• [REQUIRED WORK]: Transcribe all of the data exactly. Images stay out.

• [DATASET CONTENT]:

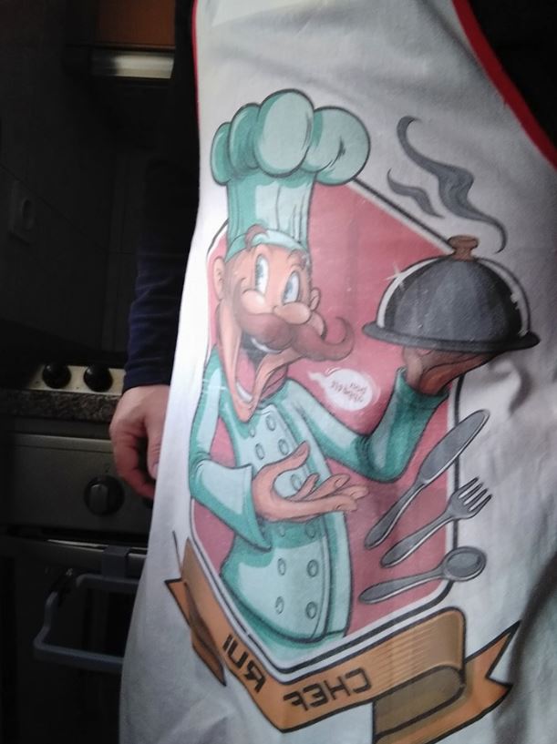 Avental branco com ilustração colorida de chef e texto CHEF RUI
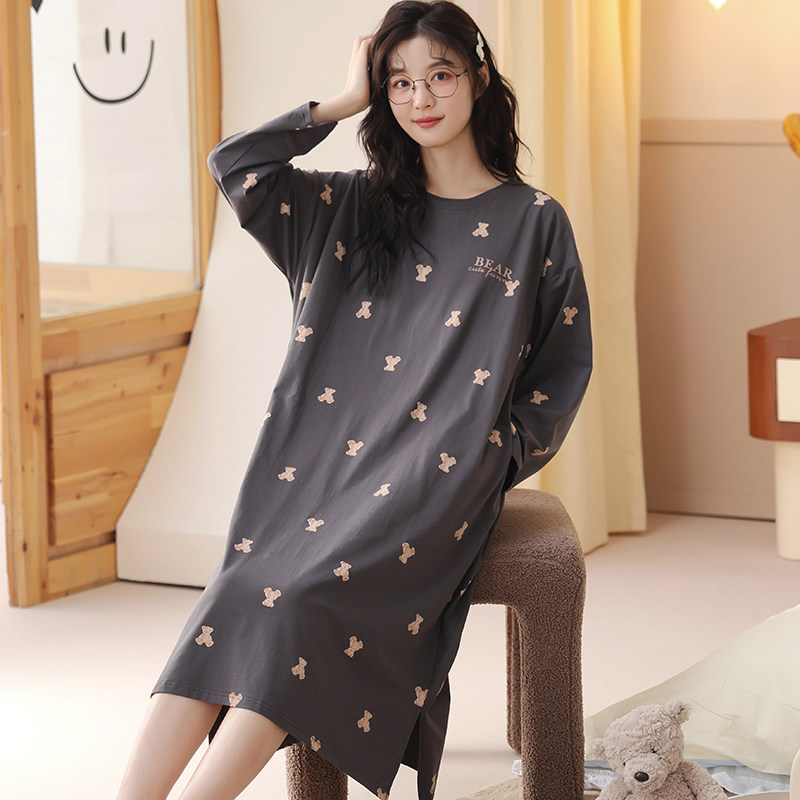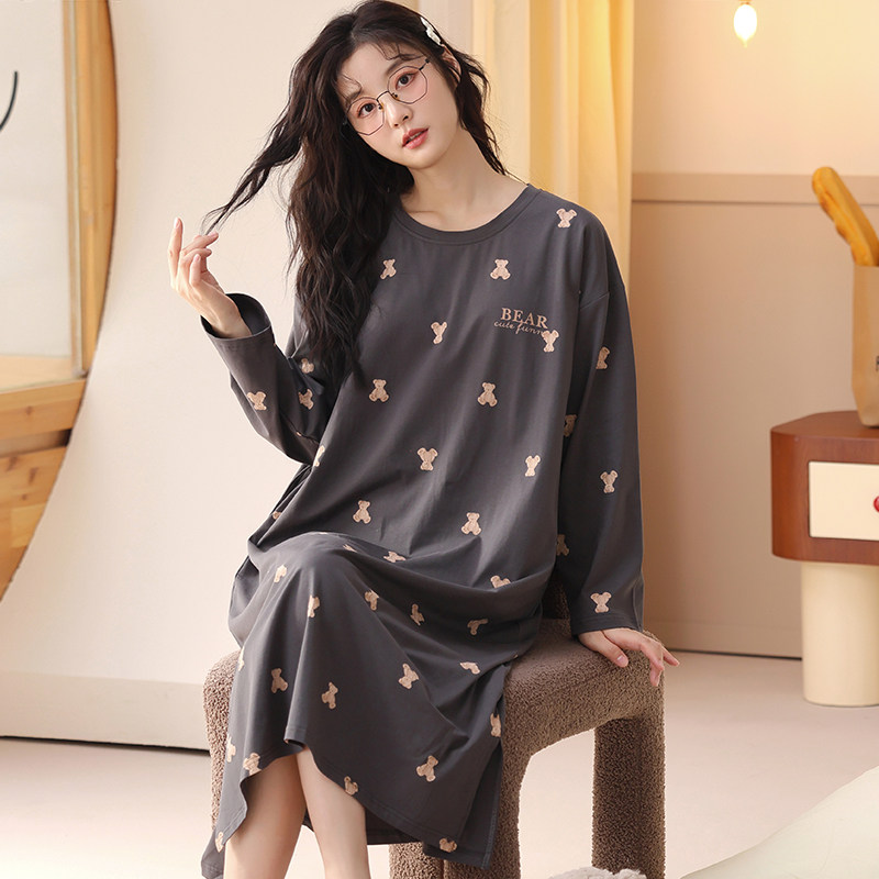 卡之恋纯棉睡裙春秋季长袖睡衣带胸垫中长款连衣裙小熊学生家居服
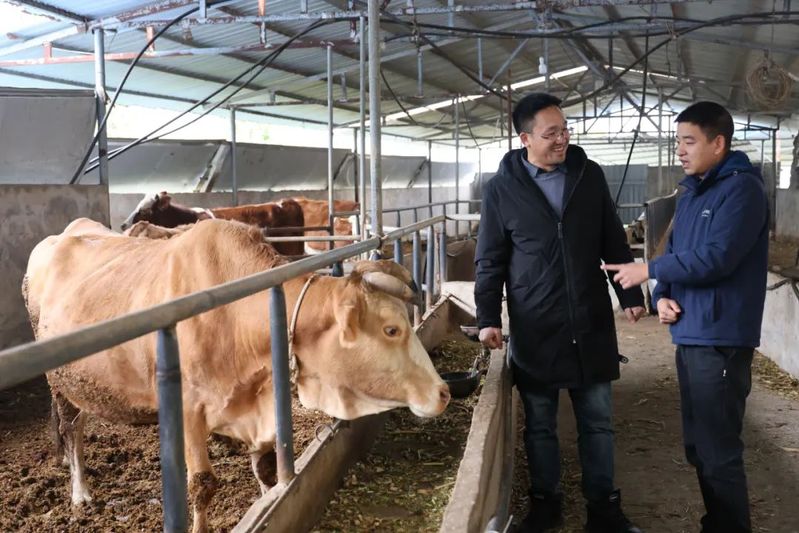 饶茂富(左)到辖区养殖大户家中了解肉牛的养殖、防疫等情况。

• [TASK ANSWER]:
 Avental branco com ilustração colorida de chef e texto CHEF RUI
 卡之恋纯棉睡裙春秋季长袖睡衣带胸垫中长款连衣裙小熊学生家居服
 饶茂富(左)到辖区养殖大户家中了解肉牛的养殖、防疫等情况。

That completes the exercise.